-- EXERCISE OBJECTIVE --
In the records below, find the line containing "雾凇,俗称树挂,是低温时空气" and return it together with every later line, exactly as written; pictures are to be omitted.

-- SUPPLIED MATERIAL --
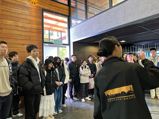 师生们在杨浦滨江人民城市建设规划展示馆前合影
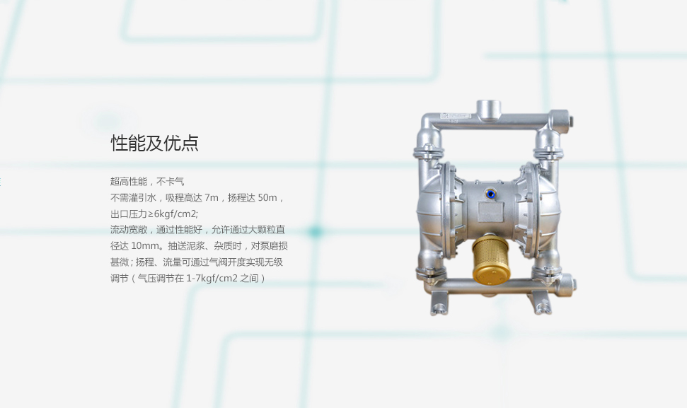 6、下水井、暗溝排除漬水、污油在下水井管道,閥門及暗溝檢修時,需要排除漬水和污油。用潛水泵雖可抽盡潰水,但往往這些地方都遠離電源,很不方便。使用隔膜泵則可采用壓縮氣瓶作動力,回收污油,排泄?jié)⑺?br /> 7、污水處理場和污泥池的清掃污水處理場的污泥池,常常聚積大量的油泥和淤沙,需要清掃,采用隔膜泵抽吸靈活、方便省工、省力、省時。
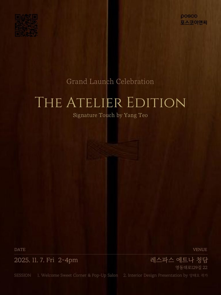 포스코이앤씨(사장 송치영)는 세계적인 인테리어 디자이너 양태오 작가와 함께 개발한 하이엔드 인테리어 상품 ‘아틀리에 에디션(The Atelier Edition)’을 오는 11월 7일 서울 레스파스 에트나 청담에서 런칭 행사를 열고 공식 공개한다.
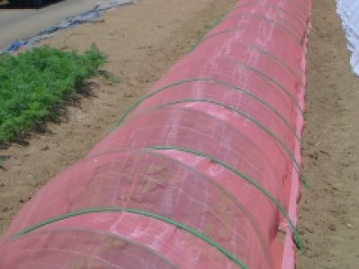 ・赤色のPE製細糸(色彩作用)で微細害虫の侵入を大幅に軽減します。
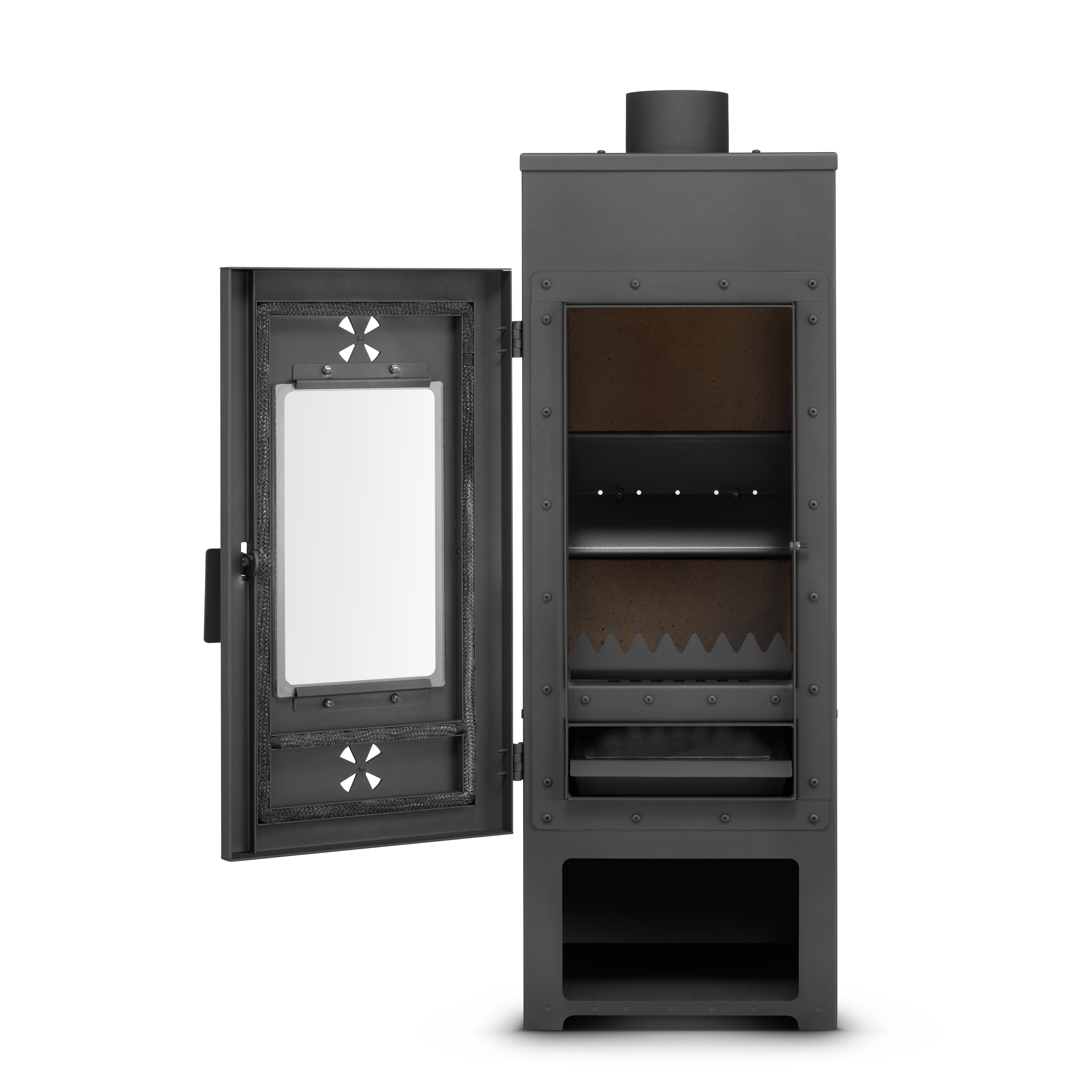 - Wyjmowany popielnik ułatwia czyszczenie – popiół można usunąć szybko i wygodnie.
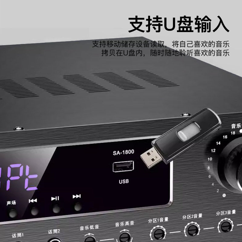 索爱功放机家用大功率专业卡拉OK音响家庭影院重低音蓝牙功放音箱
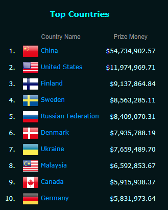 而目前DOTA2奖金最多的国家依然是中国,一共获得了5473万美元的奖金,排在第二的是美国,目前的奖金总额为1197万美元。
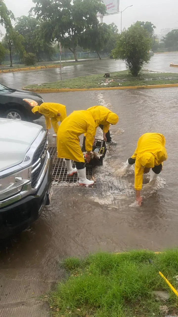 Los Mochis, Sinaloa.– Personal de la Dirección de Servicios Públicos Municipales de Ahome trabaja de manera intensa en diferentes sectores de la ciudad para destapar bocas de tormenta y alcantarillas, con el fin de evitar encharcamientos e inundaciones tras las lluvias que se están registrando en el municipio.
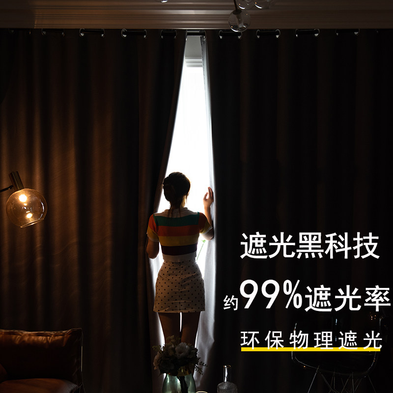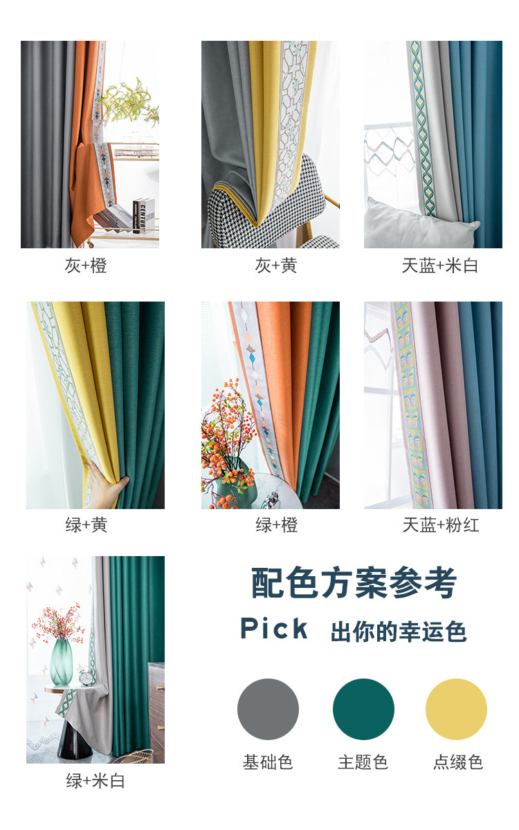 加高超长全遮光窗帘杆一整套自建房别墅棉麻成品布料客厅卧室拼色
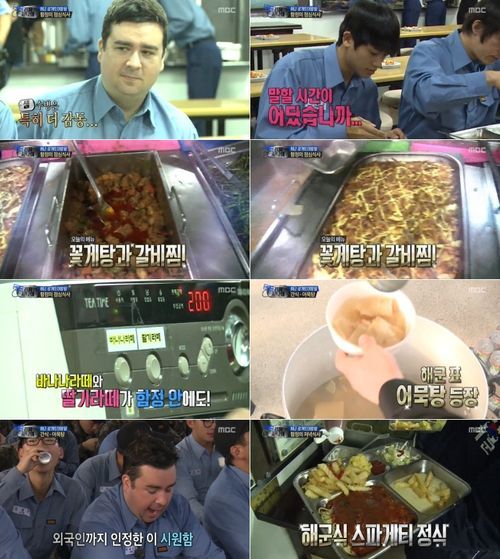 군요리 전문가 류수영은 갈비찜을 먹은 후 “고춧가루를 정말 좋은 걸 썼다. 비린내가 하나도 안 난다”며 흡족해했다. 서경석 역시 “진짜 맛있다. 해군이 확실히 밥이 맛있는 것 같다”며 평했다. 손진영은 “군에서 꽃게탕을 먹는다는 게 정말 신기하다”며 대원들과 이야기를 나눴고, 장혁과 박형식은 조용히 식판을 들고 배를 채웠다.
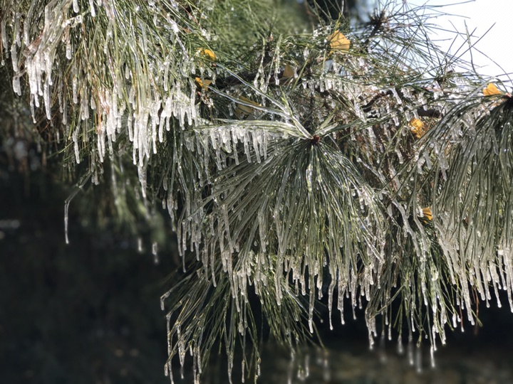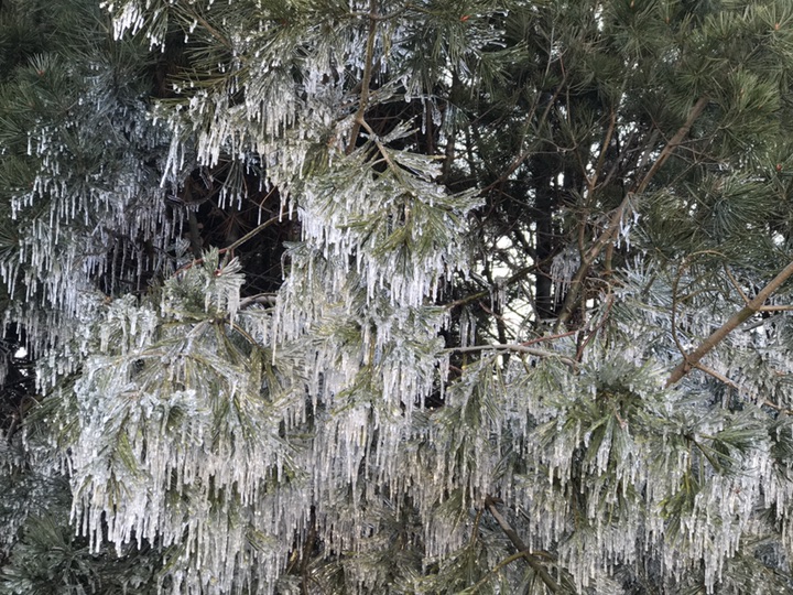 雾凇,俗称树挂,是低温时空气中水汽直接凝华,或过冷雾滴直接冻结在物体上的乳白色冰晶沉积物,它非冰非雪是非常美丽的自然奇观。在我们老家也叫冰花,随着气候的全球变暖已经很多年没见过了。
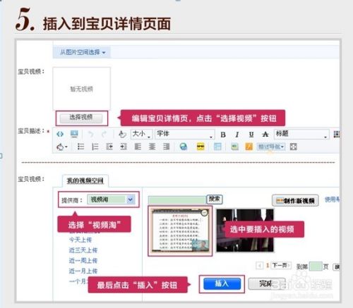 在“宝贝基本信息”的页面上填写完宝贝的其他信息后,找到其中“宝贝视频”的信息,点击“选择视频”的按钮,选中需要插入到页面的宝贝视频,然后再点击蓝色按钮“插入”键,该视频便被安置在了展示宝贝的详情页中了。最后,选择点击页面底部的“发布”按钮,带有商品视频的宝贝详情页就这样上架啦。
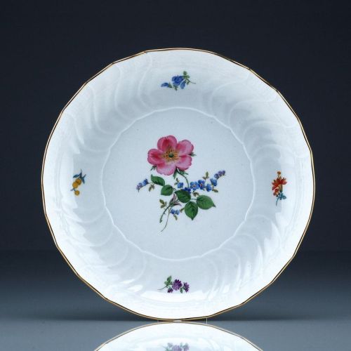 Porzellan, glasiert. Tief gemuldete Form mit steiler Fahne. Aus dem Service "Neubrandenstein". Der Spiegel mit Rose und Vergissmeinicht sowie Streublümchen in polychromer Aufglasurmalerei dekoriert. Rand goldstaffiert. Am Boden zweifach gestrichene Schwertermarke und Malerzeichen in Unterglasurblau, Preßmarke und Malerzeichen in Eisenrot.

-- RESPONSE TO THE EXERCISE --
 雾凇,俗称树挂,是低温时空气中水汽直接凝华,或过冷雾滴直接冻结在物体上的乳白色冰晶沉积物,它非冰非雪是非常美丽的自然奇观。在我们老家也叫冰花,随着气候的全球变暖已经很多年没见过了。
 在“宝贝基本信息”的页面上填写完宝贝的其他信息后,找到其中“宝贝视频”的信息,点击“选择视频”的按钮,选中需要插入到页面的宝贝视频,然后再点击蓝色按钮“插入”键,该视频便被安置在了展示宝贝的详情页中了。最后,选择点击页面底部的“发布”按钮,带有商品视频的宝贝详情页就这样上架啦。
 Porzellan, glasiert. Tief gemuldete Form mit steiler Fahne. Aus dem Service "Neubrandenstein". Der Spiegel mit Rose und Vergissmeinicht sowie Streublümchen in polychromer Aufglasurmalerei dekoriert. Rand goldstaffiert. Am Boden zweifach gestrichene Schwertermarke und Malerzeichen in Unterglasurblau, Preßmarke und Malerzeichen in Eisenrot.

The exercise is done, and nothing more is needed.